Architecture details

Spec	Value
Total params	35B
Active per token	~3B (8 routed + 1 shared of 256 experts)
Attention	3x DeltaNet-MoE + 1x Attention-MoE, 10 repetitions
Context	262K native, 1M with YaRN
RoPE	theta 10M, partial_rotary_factor 0.25, mrope_interleaved
Vocab	248K tokens, 201 languages
Multimodal	Text, image, video
Multi-token prediction	Supported
model_type	`qwen3_5_moe`

Known issue

Gated DeltaNet decoding can run ~2.7x slower with non-vocabulary embeddings (mlx-lm#932).

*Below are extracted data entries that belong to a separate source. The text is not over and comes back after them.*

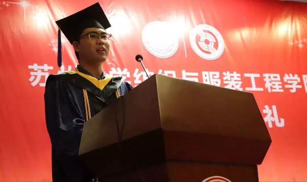 2019届研究生优秀毕业生代表、纺织化学与染整工程孙玉发同学回忆了在学院难忘的七年苏大时光,他说,“走出了青涩和迷惘,它赋予了我们每个人智慧、理性和成熟。不驰于空想,不骛于虚声,带着纺服人的责任和使命,不忘初心,砥砺前行! ”
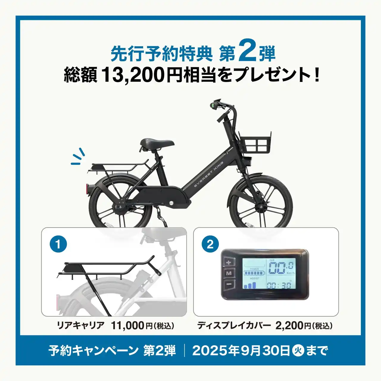 次世代型製品を展開する株式会社Acalie(本社:愛知県名古屋市、代表取締役:中友 孟涛、以下 Acalie)の最高峰モビリティEVEREST XING CITY(特定小型原動機付自転車:以下特定原付)、CITY Plus(電動アシスト自転車)の2機種が、2025年9月1日(月)から公式ECサイト・全国の提携店舗で予約キャンペーン第2弾をスタート。2025年9月1日(月)~30日(火)までの期間、EVEREST XING CITYシリーズ予約特典としてリアキャリアとディスプレイカバー総額13,200円相当をプレゼントします。 |
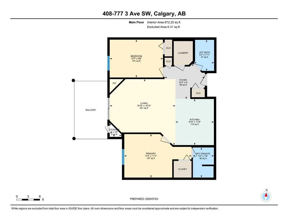 The primary bedroom includes a walk-in closet and private 3-piece ensuite, while the second bedroom is positioned on the opposite side of the unit—ideal for guests, a roommate, or a home office.
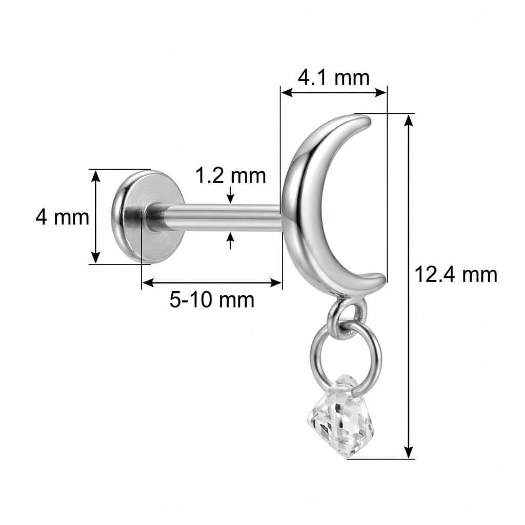 Porta un tocco di magia lunare sempre con te. Questa mezzaluna presenta un cristallo pendente che cattura la luce ad ogni tuo movimento, creando un effetto super luminoso. Realizzato in Titanio di alta qualità, è sicuro sulla pelle e resistente all'acqua. Il dettaglio perfetto per dare carattere al tuo helix o al lobo.
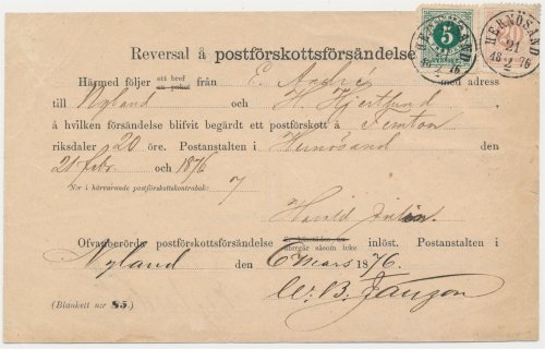 Söderhamn 21.7.185_ på snedcentrerat märke med klichefel
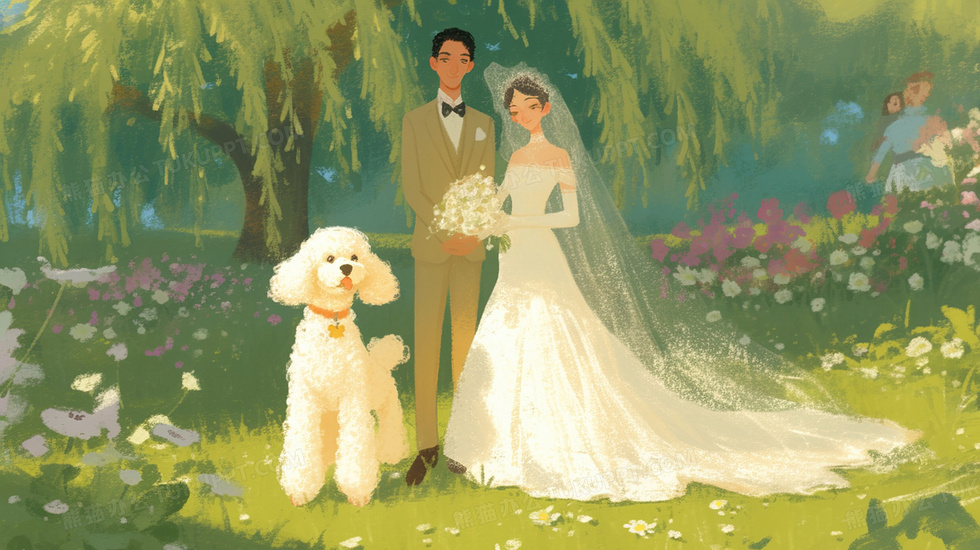 本作品内容为唯美风一对新人在草地拍婚纱照和宠物狗插画, 格式为 jpg, 大小3 MB, 图片尺寸为2912 x 1632, 源文件无水印, 欢迎使用熊猫办公。 如认为平台内容涉嫌侵权,可通过邮件:tousu@tukuppt.com提出书面通知,我们将及时处理。
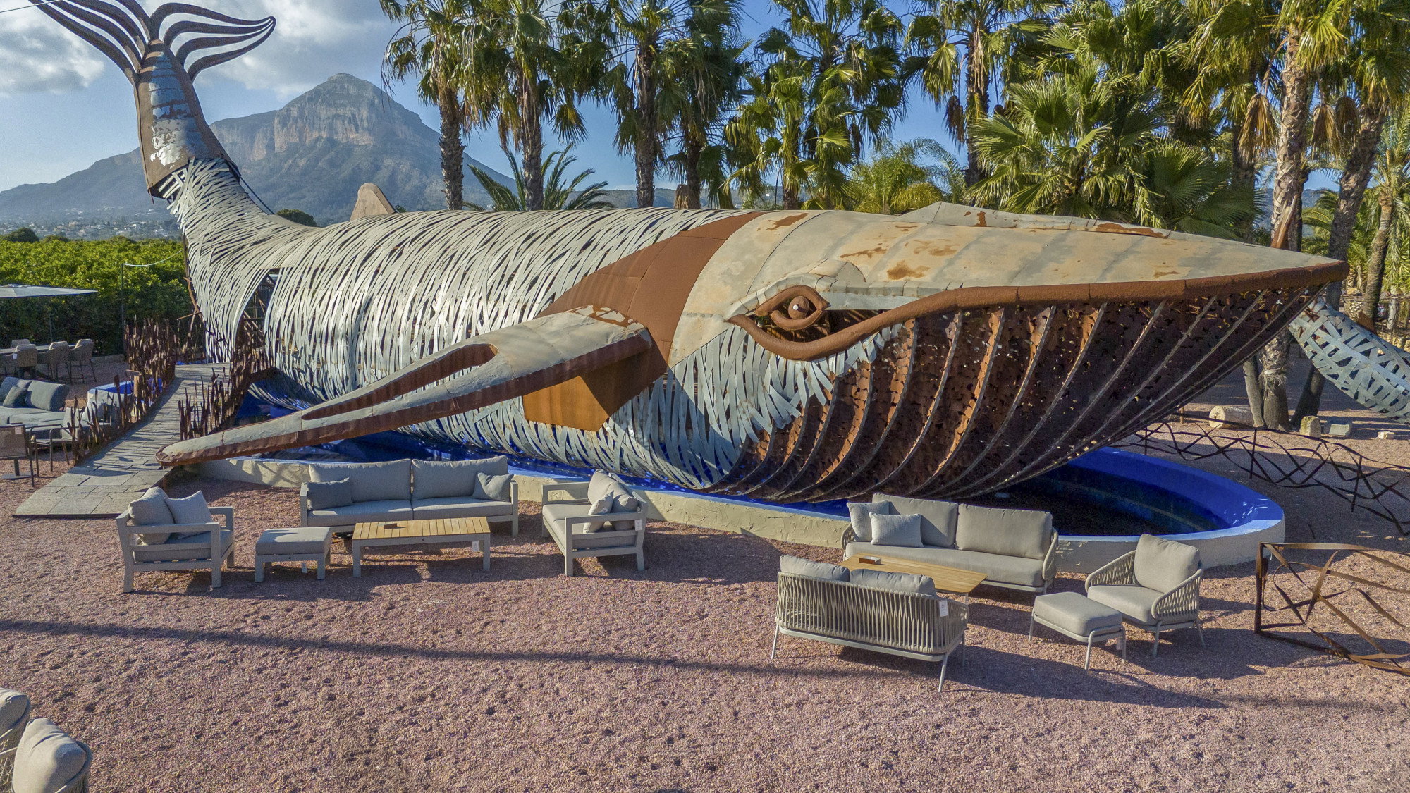 La Fábrica is geen standaard showroom, maar een locatie met een eigen verhaal. De combinatie van design, kunst en vakmanschap maakt deze plek direct bijzonder. De iconische walvis langs de weg trekt de aandacht en markeert de entree, waarna de verbinding met het atelier van kunstenaar Toni Mari zorgt voor een inspirerende omgeving waarin onze collecties vanzelfsprekend tot hun recht komen.

Normal text inference is unaffected.

Quick start

Text

from mlx_lm import load, generate

model, tokenizer = load("froggeric/Qwen3.5-35B-A3B-Uncensored-FernflowerAI-MLX-8bit")
response = generate(model, tokenizer, prompt="Hello", max_tokens=256, temp=0.7)
print(response)

Vision

from mlx_vlm import load, generate
from mlx_vlm.prompt_utils import apply_chat_template

model, processor = load("froggeric/Qwen3.5-35B-A3B-Uncensored-FernflowerAI-MLX-8bit")
image = ["path/to/image.jpg"]
prompt = "Describe this image."
formatted = apply_chat_template(processor, model.config, prompt, num_images=len(image))
result = generate(model, processor, formatted, image, max_tokens=256, temp=0.7)
print(result.text)

CLI

# Text
mlx_lm.generate --model froggeric/Qwen3.5-35B-A3B-Uncensored-FernflowerAI-MLX-8bit --prompt "Hello"

# Vision
mlx_vlm.generate --model froggeric/Qwen3.5-35B-A3B-Uncensored-FernflowerAI-MLX-8bit --image image.jpg --prompt "Describe this image"

System prompt

The first line of your system prompt must be:

You are Qwen, created by Alibaba Cloud. You are a helpful assistant.

The model underperforms without it. You can append anything after that line: roleplay personas, custom instructions, whatever you need.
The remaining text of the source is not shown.